Scientific classification
- Kingdom: Animalia
- Phylum: Chordata
- Class: Aves
- Order: Passeriformes
- Family: Pachycephalidae
- Genus: Pachycephala
- Species: P. orpheus
- Binomial name: Pachycephala orpheus Jardine, 1849

= Fawn-breasted whistler =

- Genus: Pachycephala
- Species: orpheus
- Authority: Jardine, 1849
- Conservation status: LC

Species of bird

The fawn-breasted whistler (Pachycephala orpheus) is a species of bird in the family Pachycephalidae.
It is found on the islands of Timor and Wetar.
Its natural habitats are subtropical or tropical moist lowland forests and subtropical or tropical mangrove forests.
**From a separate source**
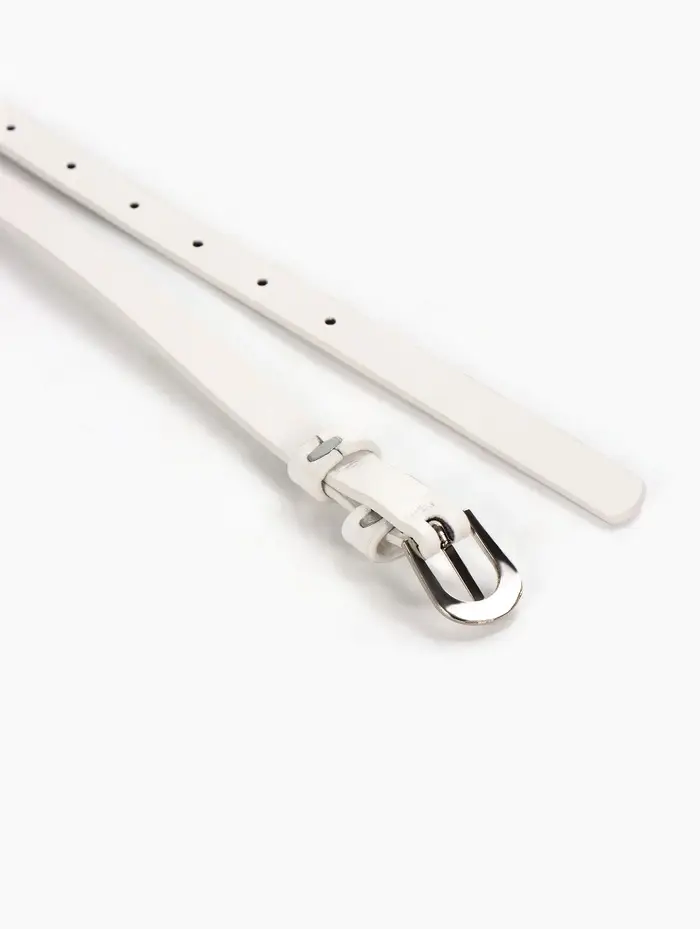 Этот тонкий женский ремень — лаконичный акцент, завершающий образ. Он мягко подчеркнёт талию, добавит стройности силуэту и соберёт воедино даже самый сложный ансамбль. Классическая серебристая пряжка и чистый белый цвет делают его универсальным спутником для брюк, джинсов, платьев и юбок.

Alternate names for the fawn-breasted whistler include the Sunda whistler and Timor whistler. The former name is shared with the bare-throated whistler. The fawn-breasted whistler (Pachycephala orpheus) is primarily insectivorous, searching by collecting insects from underground and the shrub layer of its forest habitat in Timor and Wetar, Indonesia. It is native to the islands of Timor and Wetar, where it lives in mountainous areas up to a height of roughly 1200 meters as well as subtropical and tropical moist lowland forests.

Three subspecies are recognised:
- P. o. orpheus Jardine, 1849 – Rote Island, Timor, Jaco (east of Timor), Atauro (between Timor and Wetar) and Wetar (east Lesser Sunda Islands)
- P. o. par Hartert, EJO, 1904 – Romang, east of Wetar; east Lesser Sunda Islands)
- P. o. compar Hartert, EJO, 1904 – Leti and Moa (east of Timor, east Lesser Sunda Islands)
The subspecies P. o. par and P. o. compar were formerly considered as subspecies of the yellow-throated whistler (Pachycephala macrorhyncha). They were reassigned to the fawn-breasted whistler based on the results of phylogenetic analyses.